[Computer Security] AEG: Automatic Exploit Generation-优快云博客

本文链接：https://blog.youkuaiyun.com/ShadyPi/article/details/147018993

AEG: Automatic Exploit Generation

在这里插入图片描述
From the title we can know that AEG is a technique that automatically generate exploits of a given source code. Fig. 5 shows the workflow of AEG. In this blog we learn these steps one by one.

Pre-Process

Compile binary code $B_{gcc}$ and LLVM bytecode $B_{llvm}$ from source code. Notice that AEG is a two-input single-output system, which means it does not take source code as input, but it needs bytecode to do source analysis. Bytecode is a platform-independent, intermediate representation of code that is not executed directly by the hardware, but by a virtual machine (VM).

Source-Analysis

This step does not do complex analysis, instead it just finds out the largest buffer size in the program and output $ma x$ as the maximum size of symbolic data / exploits, which is at least 10% larger than the largest buffer size.

Bug-Find

Preconditioned Symbolic Execution

Traditional symbolic execution for bug finding is representing each byte of exploits with symbolic variables, turning it into a symbolic data. For every branch in the program, new constraints will be created to model different branches. In the end, we will try to solve a valid symbolic data satisfying all of the constraints in the interpreter / path.

if(a > 1)
   b = a - 1;
 else
   b = a + 1;

Taking the simple code above as an example, we will create interpreters to model different paths passing the if branch, like a>1 and a<=1. When we want the result b to be 2, we can set the function as a>1 & a-1=2, gaining a=3; and a<=1 & a+1=2, gaining a=1.

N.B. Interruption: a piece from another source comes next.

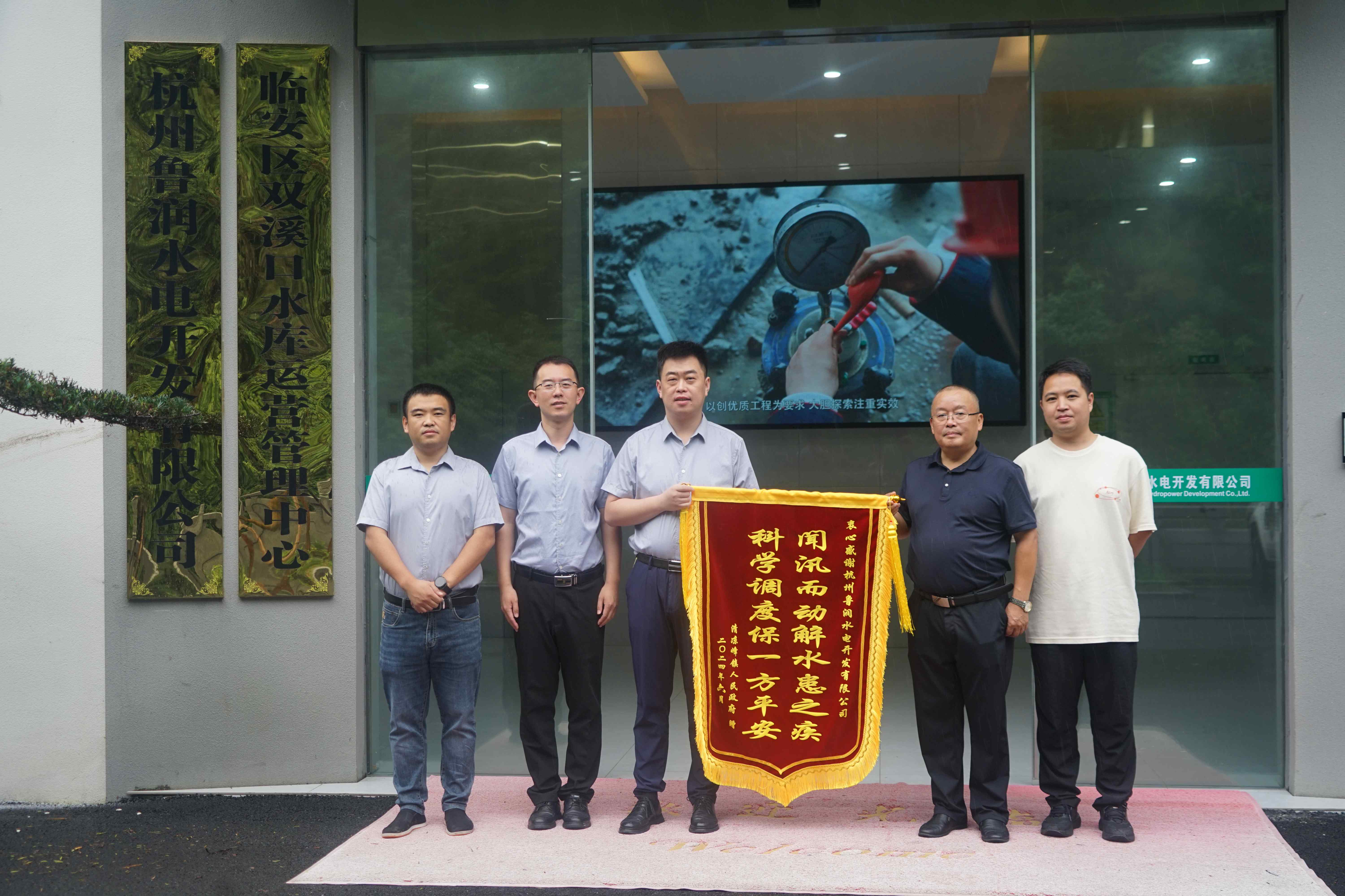 7月4日,浙江省正式出梅,臨安區(qū)清涼峰鎮(zhèn)黨委委員方春輝代表鎮(zhèn)政府送來了一面沉甸甸的錦旗——“聞訊而動解水患之急、科學(xué)調(diào)度保一方平安”,表達了對雙溪口水庫防洪利器作用的認可和杭州魯潤公司科學(xué)嚴(yán)謹高效工作的肯定。

Symbolic execution can help attackers find potential exploits, but the search space can be extremely large, especially for loops because every iteration can produce new branches. To prune the branch, the authors introduced Preconditioned Symbolic Execution to add some constraints before trying to solve the symbolic execution, including

Know Length: To overflow a buffer, it is obvious that the input should exceed the length of buffer, so we do not need to consider inputs that are shorter than the length of buffer;
Known Prefix: Sometimes we know the prefix of input, e.g., a HTTP GET request always starts with “GET”;
Concolic Execution: Reuse a known input specified by a single program path.

Path Prioritization

Each branch will lead to 2 different paths, whose number will grow exponentially in loops. It is also a question to decide which path we will explore first. So, the authors proposed Path Prioritization to decide the order of exploration. This includes 2 main techniques:

Buggy-Path-First: One bug on a path means subsequent statements are also likely to be buggy (and hopefully exploitable), so they prioritize buggy paths higher and continues exploration.
Loop Exhaustion: The loop-exhaustion strategy gives higher priority to an interpreter exploring the maximum number of loop iterations, hoping that computations involving more iterations are more promising to produce bugs like buffer overflows. In this way, a loop only creates one new interpreter.

Environment Modelling

AS a practical application, AEG can attack in different environment settings, including Files, Sockets, Variables, Library Function Calls and System Calls.

Exploit Generation

After finding a path leading to a bug, we need to check if it is exploitable. Then, attackers need to generate the exploit and verify it can get a shell via this bug for the attacker.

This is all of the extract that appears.